What does the Deferred Sales Trust Process look like?
A Deferred Sales Trust arrangement is described in IRC 453. The process of using a Deferred Sales Trust begins with a property owner transferring an asset to a trust that is managed by a third party on the property owner’s behalf (third-party cannot be the original owner, nor a family member). The third party, let's call them the trustee, sells the asset agrees to pay you from the proceeds (or interest from the proceeds) over multiple future installments.
On the day of the sale, the original property owner would not receive any payment, there is no income produced, there is no capital gains incurred. Instead, the trust holds the wealth, and the trustee would pay installments previously agreed upon.
Why use a Deferred Sales Trust?
The Original Owner would not be profiting immediately from the sale made with a Deferred Sales Trust. Then, why does it exist? Why would people ever use it? Why would paying taxes in the future be better than paying taxes in the present?
The Deferred Sales Trust can effectively use “pre-tax” money to invest in other assets, such as stocks, bonds, mutual funds, ETFs, and real estate. The income generated from pre-tax money would be higher than from post-tax money. Essentially, the trust can be used as an alternative wealth generator that can lessen or defer the tax burden today by spreading the capital gains over an extended period of time.

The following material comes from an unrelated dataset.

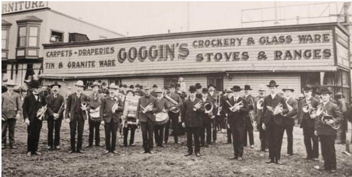
Nome Brass Band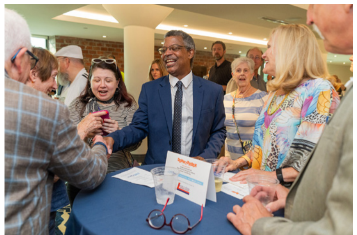
Our Donnybash Live 2023 membership event at The Sheldon Concert Hall in June was lots of fun. Get your tickets for the April 2024 event at ninepbs.org/donate .

For instance, if you bought a rental property for $100,000 and sold the property for $300,000. The capital gains would be $200,000 and a possible tax liability would be $56,000. If the Trust was created to:
- Pay out $30k each year until depleted
- Invest the trust funds into one stock (and that stock does very well)
The trust fund could continue for 10 years. If the Stock doubles in price, the fund can continue for 20 years. If the stock triples in price, the fund can live for 30 years.
A Deferred Sales Trust is an Estate Option that can liquidate previously-tied-up assets, making it possible to access wealth and defer taxes now to generate a larger income stream over a desired period of time.